20.      For these reasons the Royal Court decided that the claim of the guardian should be struck out as it had not been brought in proceedings by way of judicial review.  It is to be noted that there was no analysis in Trant of the provision in Rule 16/1(1) enabling the Court to make an order that an application for a declaration injunction or any other order in a public law matter could be brought other than by judicial review.  The full language of the Rule includes the words at the end of that sub-paragraph "unless the Court otherwise orders".

21.      I take it that sub-Rule 16/1(3) applies without question to the "unless" provision I have mentioned.

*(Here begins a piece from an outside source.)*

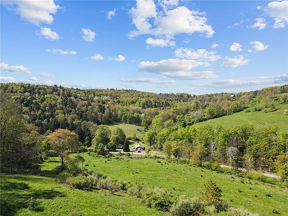 A gorgeous 217 acre farm in the heart of Spencer with sprawling land on both sides of the road. Pulling up, there are flowering trees and a quaint home nestled at the foot of the hills with a brand new oil furnace and a newer two car garage. A separate building that had been used as a sap house sits here as well and would make a great workshop, business, storage, or any other number of possibilities. Immediately across the road is the creek which winds through the property and carries the sound of rushing water right outside your front door. The old maple syrup lines are still up and bring in enough sap for a business. The land has been well kept: brush-hogged, hayed, and farmed regularly. About 50/50 tillable and wooded with log roads and trails in place around the property. The wooded portions contain hard and soft woods including maple, ash, and hemlock. Further down the road sits a massive barn that could house any number of animals or machinery. The whole property contains is fenced in and ready for livestock. Continuing west down S Hill Rd sits another cleared 1.5 acre lot with an electric pole and artesian well already in place- ready to be built on if desired. For hunters there is plenty of wildlife: deer, turkey, grouse, bears and a bird watching paradise. Multiple ponds dotted around the land and originally used for livestock water. Hilly elevations on either side of the road that offer stunning distant views and various seasonal streams throughout. Many different pastures, fruit trees, and scenic spots to explore. Build a maple syrup business, board horses, host hunters, farm food and livestock, simply enjoy your workshop and acreage, the opportunities are endless. This land truly has it all no matter what direction you want to go with it.

22.      The fact is that Rules 9A and 16 of the Royal Court Rules have a tendency to work in different ways.  Rule 16 was introduced to ensure that there was a judicial screening process for actions brought by way of judicial review.  That is the effect of Rule 16/1 and 16/2.  Rule 9A, which is very likely for the most part to include claims against a public authority and therefore amount to claims in a public law matter, provides that any form of commencing those claims would be adequate - see the definition of "pleading" in Rule 9A/1(1).  For my part, I have some doubt as to whether it would be right to say that every claim under the 2000 Law should be brought by way of judicial review pursuant to Rule 16.  This does seem to be the effect of Re W and J.  However, I do not need to go so far as reaching a contrary view to that in Re W and J for the purposes of this decision.  What I can recognise immediately is that the Royal Court Rules contemplate that claims under the 2000 Law may be brought by order of justice and I can immediately note that if this present claim, which is heavily fact dependent, were to be brought by order of justice, that would provide a much more convenient way to have discovery and such other interlocutory orders made which would enable the court of trial to assess the facts properly on the evidence.  The circumstances are such therefore, for the purposes of Rule 16(3) that commencing these proceedings by way of judicial review is a firm second best to commencing them by order of justice.

23.      Accordingly, taking advantage of the exception in Rule 16(1) "unless the Court otherwise orders" I refuse leave for judicial review and order that if the Applicants wish to bring these proceedings, they should do so by order of justice, leave being given to them for that purpose.

24.      For the avoidance of doubt, leave to commence judicial review proceedings is refused because of the alternative remedy available as set out.

Authorities

Human Rights (Jersey) Law 2000. 

Children (Jersey) Law 2002. 

Royal Court Rules 2004. 

In the matter of W and J (child custody) [2012] JRC 174. 

Trant v AG and others [2007] JLR 231.